Task instructions = Beneath this sentence is a listing. Return its lines from the one containing "[図109]腹部内臓の位置関" through the last, exactly, and omit the pictures.

Provided data =
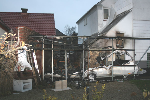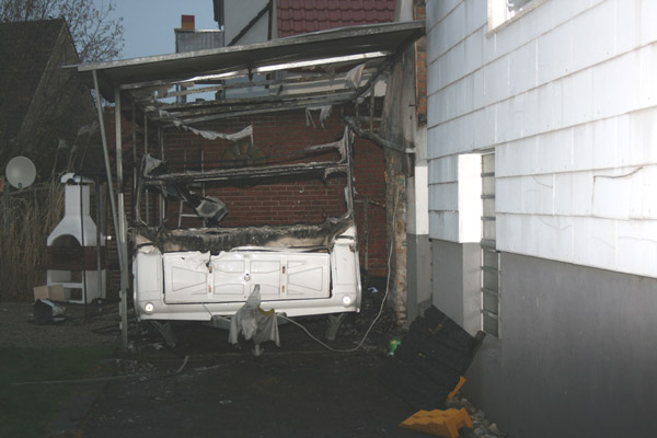 An einem Wohnhaus brannte eine Gartenlaube, ein Carport und ein darunterstehender Wohnwagen in voller Ausdehnung. Zur Brandbekämpfung wurden drei Trupps unter Atemschutz mit drei C-Rohren eingesetzt. Nach der Brandbekämpfung wurde der Bereich mittels Wärmebildkamera kontrolliert.
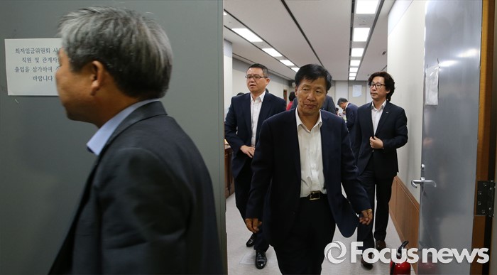 (세종=포커스뉴스) 29일 세종시 정부세종청사 고용노동부 최저임금위원회 전원회의실에서 위원들이 회의를 마치고 회의장을 나서고 있다. 최저임금 결정 법정 시한인 28일을 넘겼지만 최저임금 합의를 하지 못했다. 다음 8차 회의는 7월 4일에 열린다.
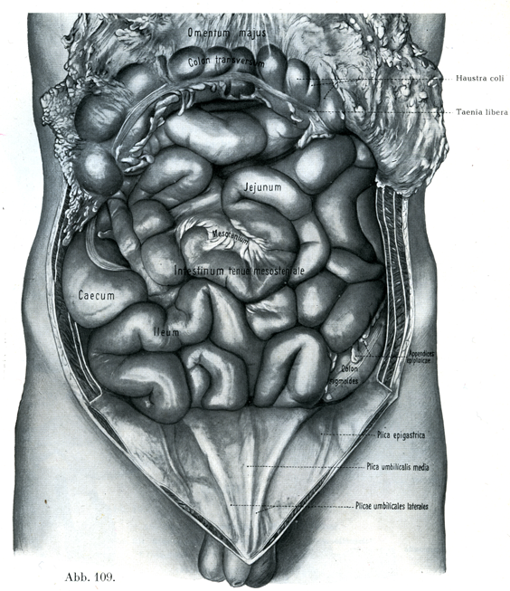 [図109]腹部内臓の位置関係II 腸のうねりを示す.大網と横行結腸を上方に飜えしてある.
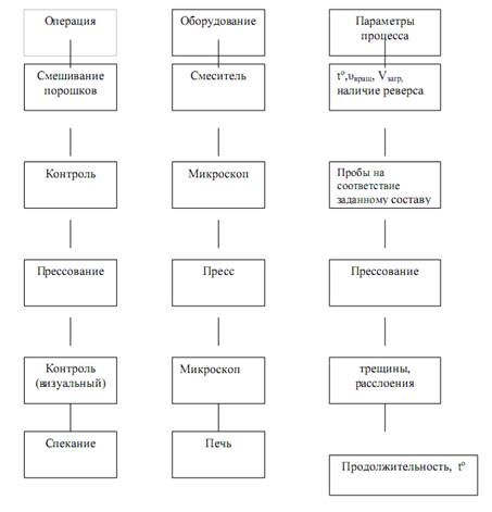 Схема маршрутно-технологического процесса изготовления детали методом порошковой металлургии

Reply to the exercise =
 [図109]腹部内臓の位置関係II 腸のうねりを示す.大網と横行結腸を上方に飜えしてある.
 Схема маршрутно-технологического процесса изготовления детали методом порошковой металлургии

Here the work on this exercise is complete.